Slurm controller

Scheduler issues

Resolved

Still waiting on a definitive diagnostic from the vendor, but the issue hasn’t occurred in the last month, so we’re marking that issue as resolved, and will of course continue to monitor the system very closely.

Monitoring

The problem has been mitigated at around 8pm last night, and has been stable since. The state of the scheduler is back to normal, jobs should be allocated and be running normally again.

Investigating

This problem unfortunately started occurring again today. We’re re-opening the incident: scheduler latencies and jobs stuck in COMPLETING state are unfortunately to be expected. We’re working on the issue and will post updates as they become available.

Resolved

We’re still waiting on a definitive diagnostic and fix from the vendor, but the issue hasn’t occurred in the last 3 weeks, so we’re marking that issue as resolved, and will of course continue to monitor the system very closely.
The temporary limits on the job submission rate and multi-partition jobs have been lifted.

Monitoring

Occurrences of the problem seem to have decreased, some workarounds have been put in place, but no definitive fix has been deployed, and the scheduler developers are still investigating. We’ll continue to monitor the issue.

Investigating

We’re still investigating the issue with the scheduler support team. In the meantime, and in order to try to mitigate the impact and to minimize the frequency of these incidents, we’ve temporarily added two additional restrictions on Sherlock:

  1. job submission rate is now limited to 300 jobs per user per hour (that’s 5 jobs/minute). When the limit is exceeded, job submissions will be rejected with the following message: error: Reached jobs per hour limit
  2. job submission to multiple partitions is now disabled: jobs can still be submitted to multiple partitions (so scripts don’t need to be modified), but only one partition will be considered for dispatch by the scheduler.

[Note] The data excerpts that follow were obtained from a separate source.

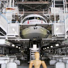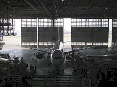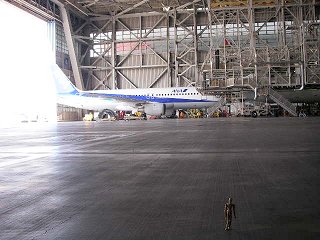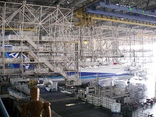 | 先述の通りこの建物のせいで?感覚が麻痺しているが、2007年時点で使用されている商用飛行機の中で、世界最大のボーイング747型機が、すっぽりと建物の中に収まっている。垂直尾翼を目の前にすると、こんなに大きかったんだ…ということを改めて実感する。 | ||
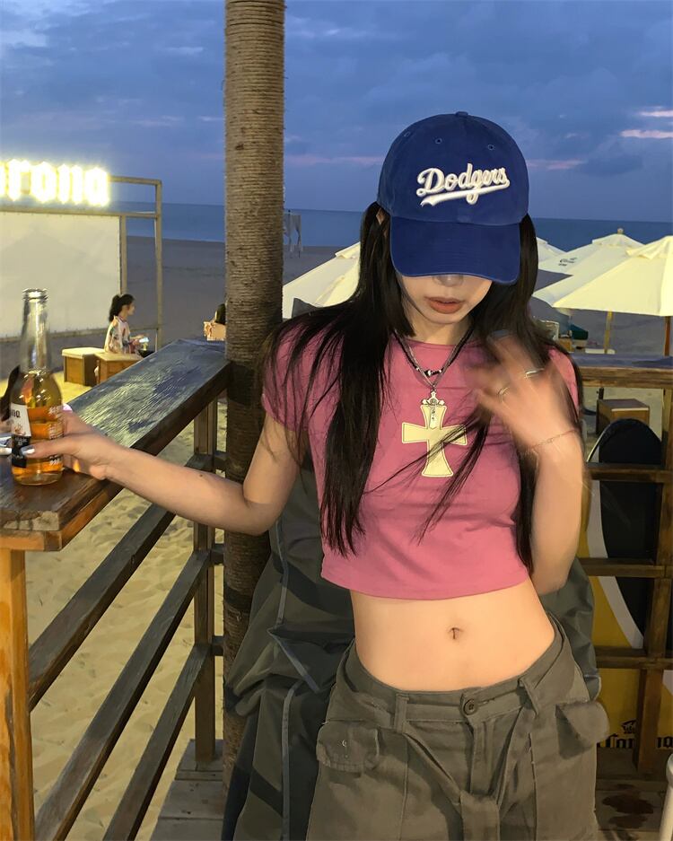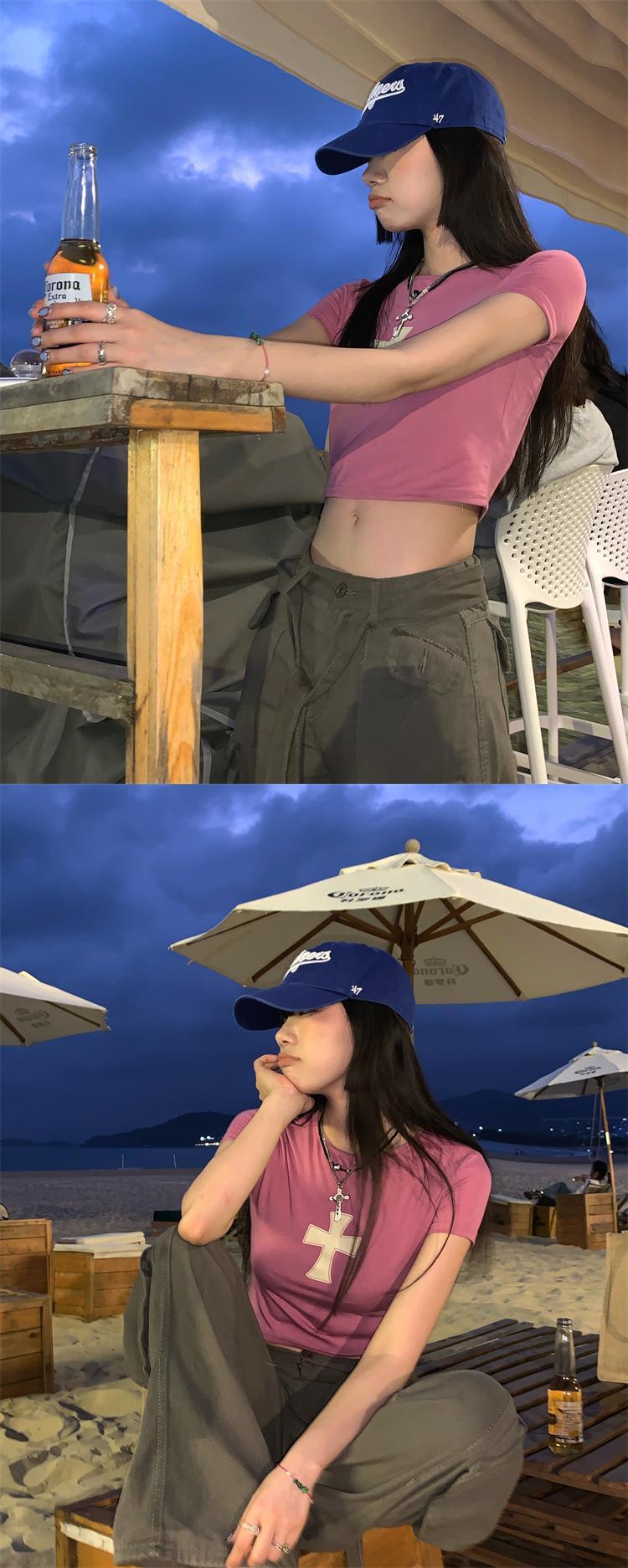 クロスショートTシャツ夏服スリムフィットトップス 夏物 デーモン82621734584
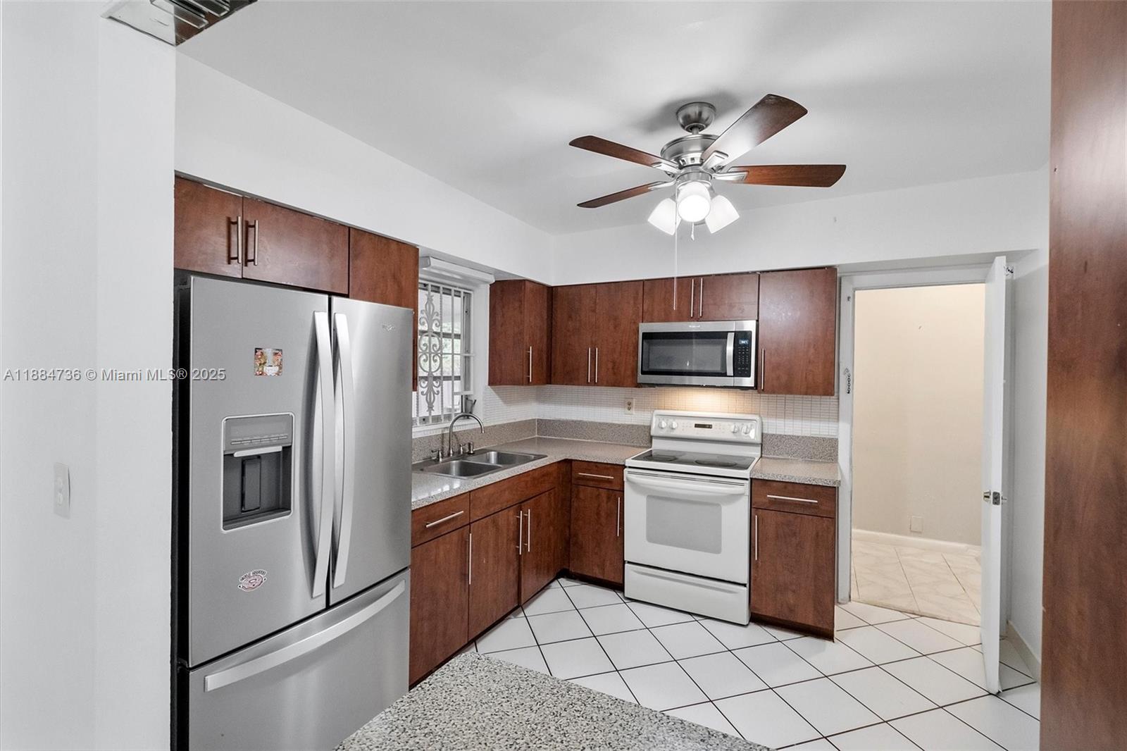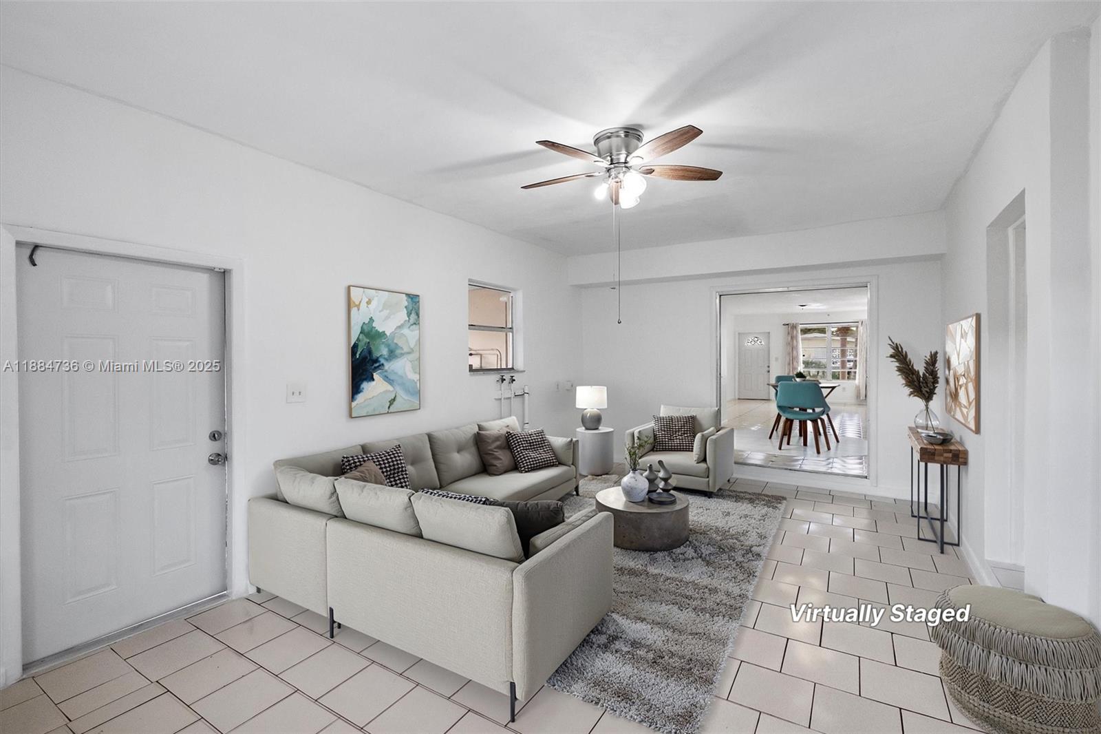 This charming 3-bedroom, 3-bath home features a bright, open floor plan with tile flooring that flows seamlessly from the living and dining areas into the family room. Freshly painted and move-in ready, it boasts a screened patio and spacious fenced backyard—perfect for weekend gatherings, pets, or your dream pool oasis. A brand-new roof (Aug 2025) and complete hurricane shutters offers peace of mind, while parking right at your front door adds convenience. Ideally located near the Golden Glades Interchange, sandy beaches, vibrant shopping, and popular restaurants, this home is an inviting choice as a primary residence or investment. No HOA fees or restrictions!
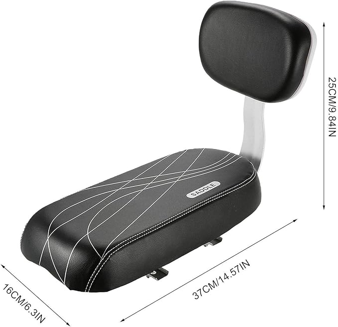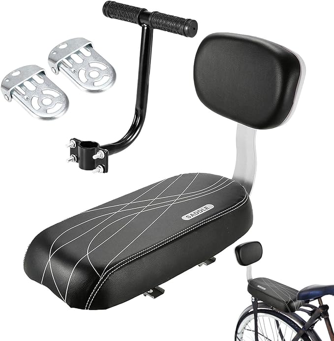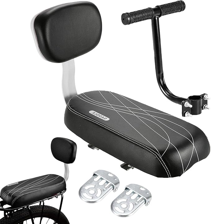 ️耐久性のある素材:子供用自転車シートは厚いスポンジ、ステンレス鋼、鉄で作られています。素材の品質は非常に高いです。 PU生地はお手入れが簡単で、長寿命です。
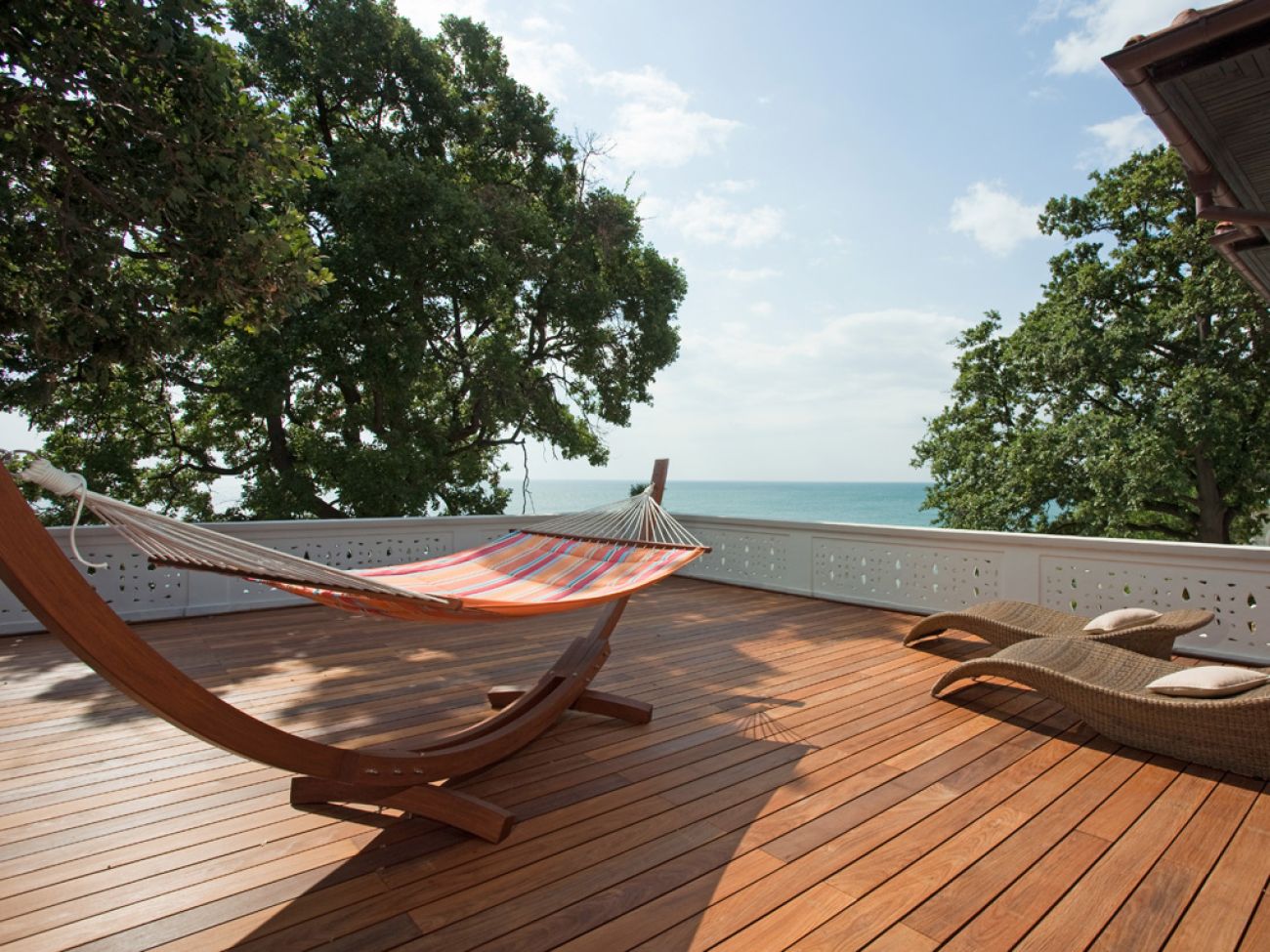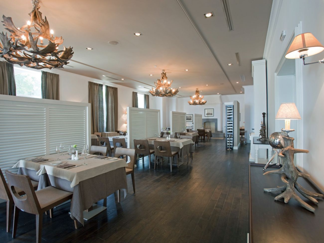 Ресторант с камина и открита тераса с прекрасна гледка към морето.
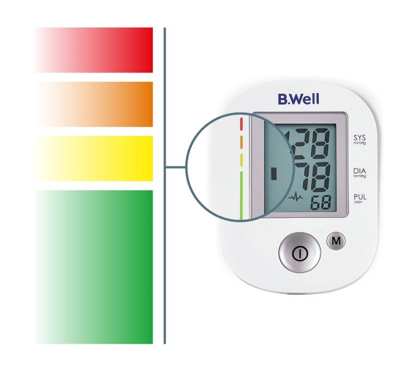 Kolorowe paski po lewej stronie wyświetlacza pokazują zakres, w którym znajdują się wskazane wartości ciśnienia krwi.
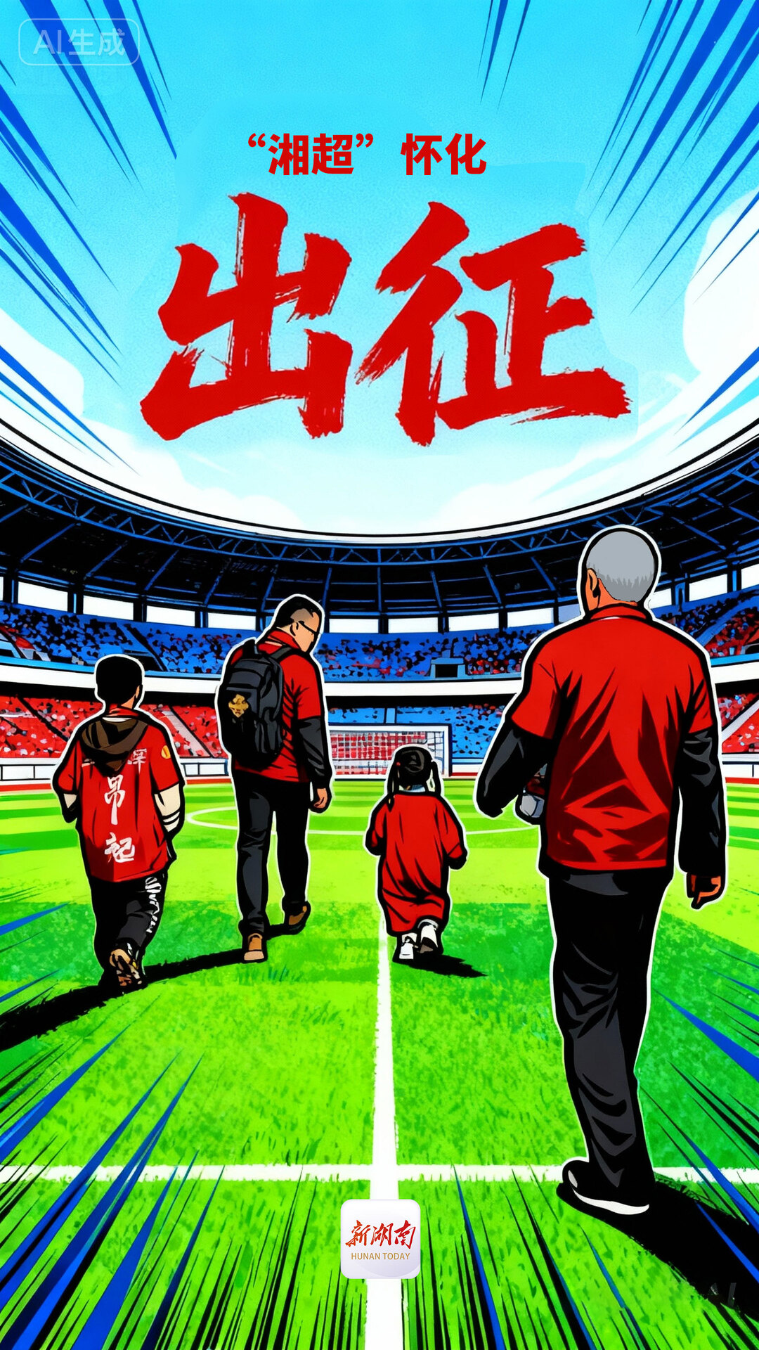 怀化球迷祖孙三代4人出征,前往怀化市体育中心足球场为怀化队加油。

We hope that this will help limit the occurrences of those blocking situations, while a proper solution is being worked on.

Investigating

The scheduler development team is still investigating the issue, and proposed a few ways to gather additional diagnostic information. As the issue is not readily reproducible, we have to wait until the next occurrence to gather more data. We continue working on the problem and will provide more updates when we have them.

Investigating

The issue is still on-going, no new update to report yet. The scheduler can appear to be working most of the time, but jobs can get stuck in CG state at any time. Vendor support is working on the problem, and we’ll post updates as they become available.

Investigating

The issue is still ongoing and being investigated, vendor support is working on diagnosing the problem.
Possible symptoms include: jobs stuck in CG state, jobs appearing to be running but not producing any output, jobs being re-queued multiple times, or “sdev” sessions hanging.

Avoiding to submit or cancel large series on jobs while we’re working on the problem will help us diagnose the issue faster.

Investigating

We’re still observing periods of decreased responsiveness from the scheduler, with jobs staying in the “completing” state for extended periods of times. We’re still investigating and are very well aware of the inconvenience.

Monitoring

Vendor support provided a fix that has been deployed. The scheduler is back to its normal operational state. We’ll continue to monitor it but we’re confident the incident has been resolved.

Investigating

The scheduler is currently down, vendor support is engaged.

Investigating

We’re currently investigating issues with the scheduler, where jobs could appear stuck in “Completing” (CG) state, or shown as “Running” (R) but not producing any output.